On January 27 this year, Foreign Affairs Secretary Alberto del Rosario said the Philippines would accept increased American military presence in the country in accordance with the constitutional ban on permanent foreign bases. His statement followed pronouncements by defense and military officials that talks were underway for greater American military presence in the country in the context of China’s increasing assertion of its claim over the Spratlys.
But Bayan Muna Representative Teddy Casiño said the Philippines is desperately trying to check “Chinese bullying” by bringing into the region “the bigger bully.”
“This is dangerous as it is most likely that the two bullies will eventually come to a mutually beneficial agreement with us left out. This is what happened between the US and Spain before,” Casiño said, recalling a chapter of Philippine history that defined the country’s political and military relations with the US.
Historical background
“You may fire when you are ready, Gridley,” Commodore George Dewey calmly told the flagship commander of his fleet in the Battle of Manila Bay, on 1 May 1898, as vintage Spanish warships came within striking distance of his own. His order signaled the end of Spain’s almost 400 years of colonial rule, and the entry of the US as a new imperial power. Consequently, Asia’s first republic fell victim to political infanticide, if not abortion.

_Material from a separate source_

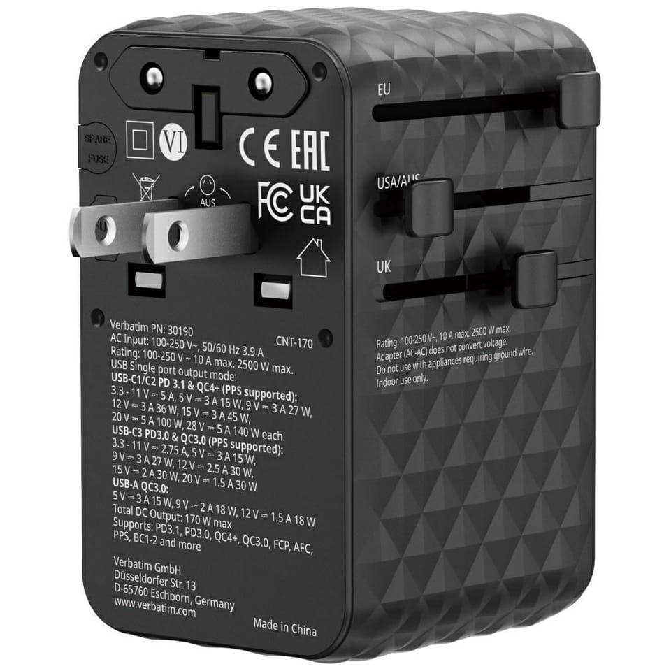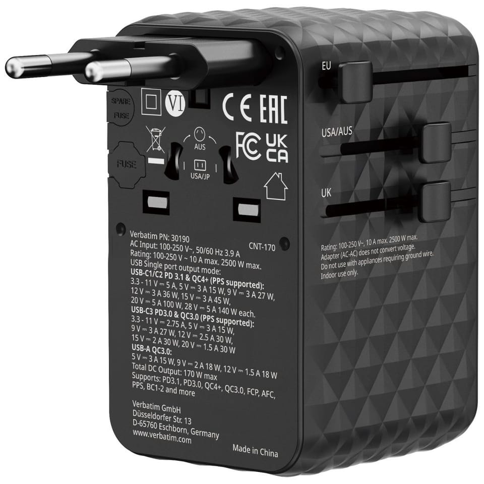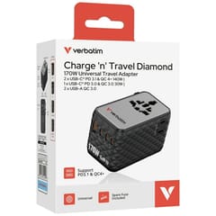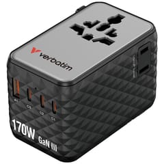 Typ Verbatim Adapter podróżny EU/UK/US GaN 1xUSB-A/3xUSB-C PD 170W
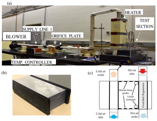 The flow rate to the test section is controlled by adjusting the voltage supplied to the blowers and the air flow rate is measured by the orifice plates on each supply line. One of the air streams is heated to 40 °C (hot stream temperature) using a PID controlled duct heater (Omega AHF- 06120, 600 W) while the other stream is kept at room temperature of 22 °C (cold stream temperature). The temperature of the hot and cold air streams at the inlet and outlet of the exchanger are measured using calibrated T-type thermocouples with an uncertainty of ±0.2 °C. During a test, the heat exchanger is moved periodically between the hot and cold air streams representing a FBR.

US conquest of its only colony was dictated by a grave economic crisis at home and the need to establish an overseas outpost to advance its geopolitical interests as an emerging world power. Aside from being a source of cheap raw materials for its hungry factories, the archipelago happens to lie along strategic sea routes from the Pacific to the Straits of Malacca and farther to the Indian Ocean. No other territory could serve as a more effective buffer on the western side of the Pacific.

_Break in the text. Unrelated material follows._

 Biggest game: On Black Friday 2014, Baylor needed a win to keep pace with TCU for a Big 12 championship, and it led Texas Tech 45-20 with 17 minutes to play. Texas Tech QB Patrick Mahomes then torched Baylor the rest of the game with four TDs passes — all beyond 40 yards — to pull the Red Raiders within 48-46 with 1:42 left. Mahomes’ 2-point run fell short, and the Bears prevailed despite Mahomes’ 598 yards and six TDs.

The US built a string of military bases, the biggest of which were the Clark Air Base and the Subic Naval Base. At the outbreak of World War II in the Pacific, the bases became the first targets of Japanese attacks. After the war, the US and the Philippines signed the Military Bases Agreement (MBA) of 1947.
But Raoul Angangco and Jose Perpetuo Lotilla, writing for the Philippine Law Journal (Volume 53, 4th Quarter), noted that the Philippines signed the pact “within a situation of almost total economic and military dependence on the US.”
Four years later, on 30 August 1951, the Philippines and the US signed the Mutual Defense Treaty (MDT). The pact obliges the parties to support each other in case of an attack by an external party.
During the Cold War the same bases served as springboard for US intervention in Asia, for instance, during the Korean War and Vietnam War, which saw the direct participation of Philippine troops.
The Cold War likewise resulted in the stockpiling of nuclear weapons by the two chief protagonists – the US and the former Soviet Union.
With growing fears over the likelihood of a thermonuclear showdown between the two powers, questions surfaced whether the US bases in the Philippines did not in fact store nuclear arms. US officials had always maintained a “neither confirm nor deny” attitude, but some analysts said the bases were useless if they did not harbor nuclear weapons.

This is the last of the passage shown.